Minimizing cost of transaction for the seller
One of the core challenges an M&A throws up is in taxation. A company can be acquired via multiple structures including full-stock sale or just selling its IP. Both come with their own set of tax challenges, including corporate tax, GST, and dividend tax. Determining the best deal structure to optimise tax savings is an important aspect to be cognizant of when executing M&A deals.

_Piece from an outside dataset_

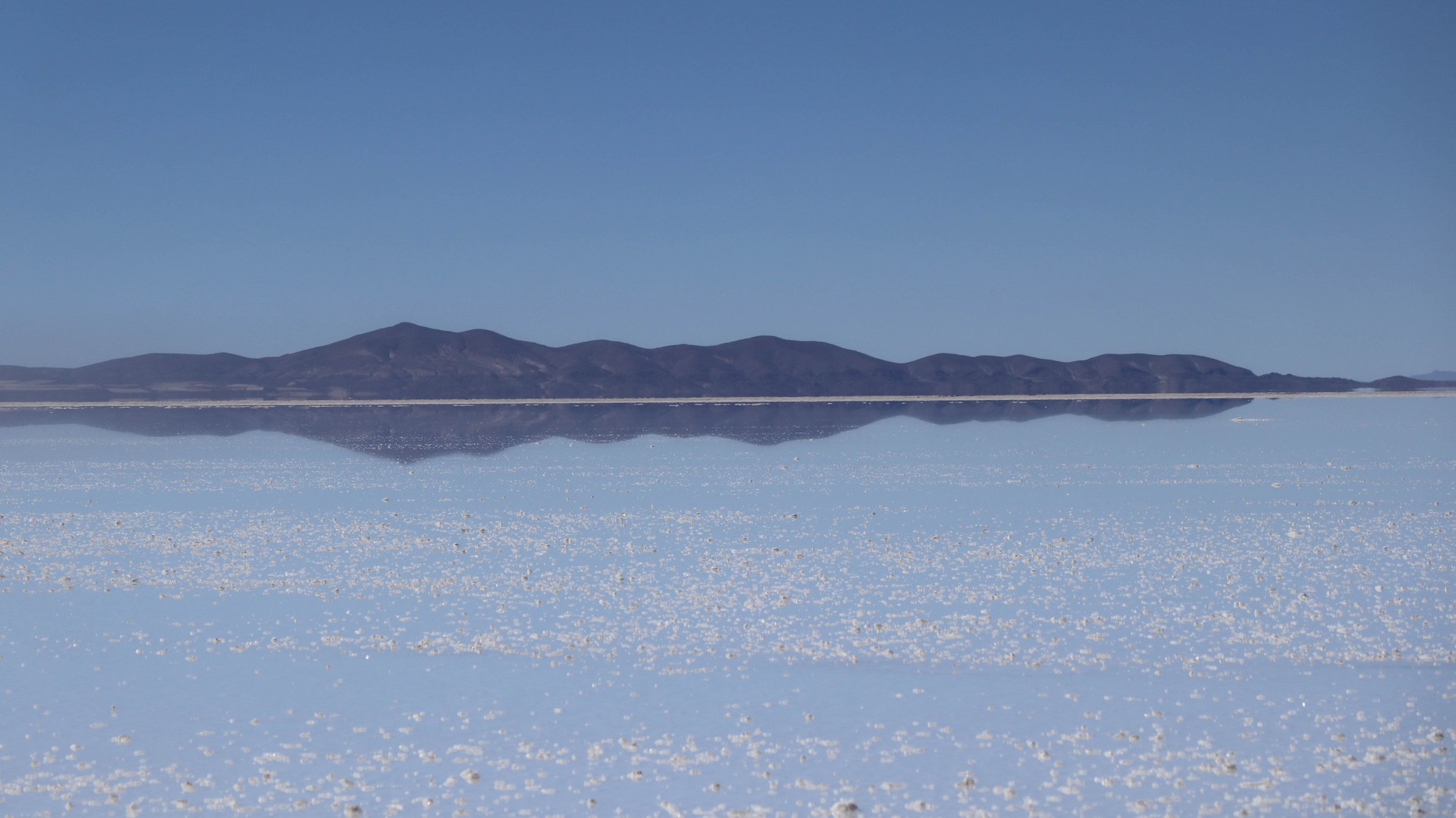The Salar was formed as a result of transformations between several prehistoric lakes. It is covered by a few meters of salt crust, which has an extraordinary flatness with the average elevation variations within one meter over the entire area of the Salar. The crust serves as a source of salt and covers a pool of brine, which is exceptionally rich in lithium. It contains 50% to 70% of the world’s known lithium reserves.[3] The large area, clear skies, and exceptional flatness of the surface make the Salar an ideal object for calibrating the altimeters of Earth observation satellites.[4][5][6][7][8] Following rain, a thin layer of dead calm water transforms the flat into the world’s largest mirror, 129 kilometres (80 miles) across.
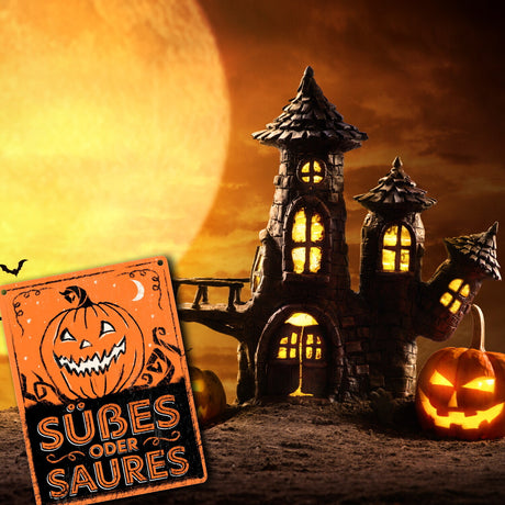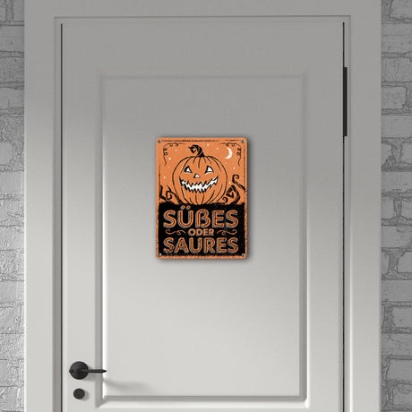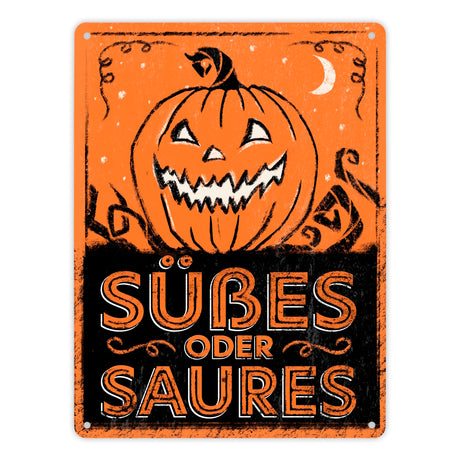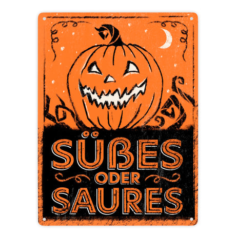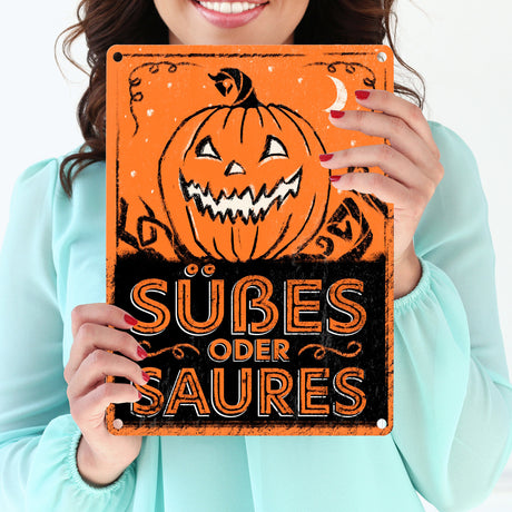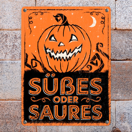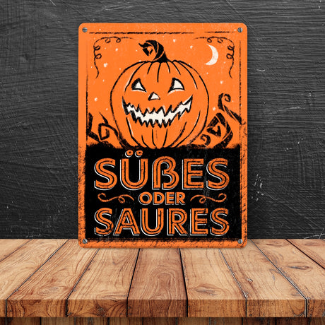 Ab €6,95Grundpreis /Nicht verfügbarAuf LagerMetallschild mit Halloween Kürbis Motiv im used Look - Süßes oder Saures

Seller should keep a clean book of accounts
It would pay to note that compared to the deal structuring process, the time taken to undertake financial due diligence takes longer. In order to temporally streamline the task, the acquired company should work on maintaining a paper trail for all the financial transactions it has undertaken. Every transaction that the seller company has undertaken should be easily traceable and agreements should tie in with billings and cashflow and adequately reflected in the seller’s bank account. A robust MIS helps maintain proper financial hygiene and record detailed financial statements.
Work with professionals
It is imperative to engage with sound M&A professionals who can completely guide companies on their transaction process. Both bankers and lawyers, who have worked on M&A deals before, need to be duly hired. They work with companies on the entire transaction journey, creating options on potential buyers/ sellers, evaluating the synergies and therefore relative valuation with a keen focus on maximising it, forming a valuation negotiation strategy and creating a commercial structure covering the valuation and other intangible aspects of the transaction. Working with professionals ensures that the transaction process is smooth and is expedited in the minimum time.
Is it worth it?
Yes! M&As help companies expand their product portfolio, geographic reach, and further achieve backward or forward integration along their supply chains. A few important points should always solicit full vigilance when executing these transactions. Being very clear with the goals of an M&A on either side, engaging with a sound banker, and ensuring team alignment on either side are imperative from a synergistic point of view. Founders should also try to gain clarity on the time required for executing a transaction, be prepared for fluctuations in valuation and maintain an accurate and comprehensible MIS. These factors working in combination should pave the way for a successful transaction creating tangible and intangible value benefitting all stakeholders.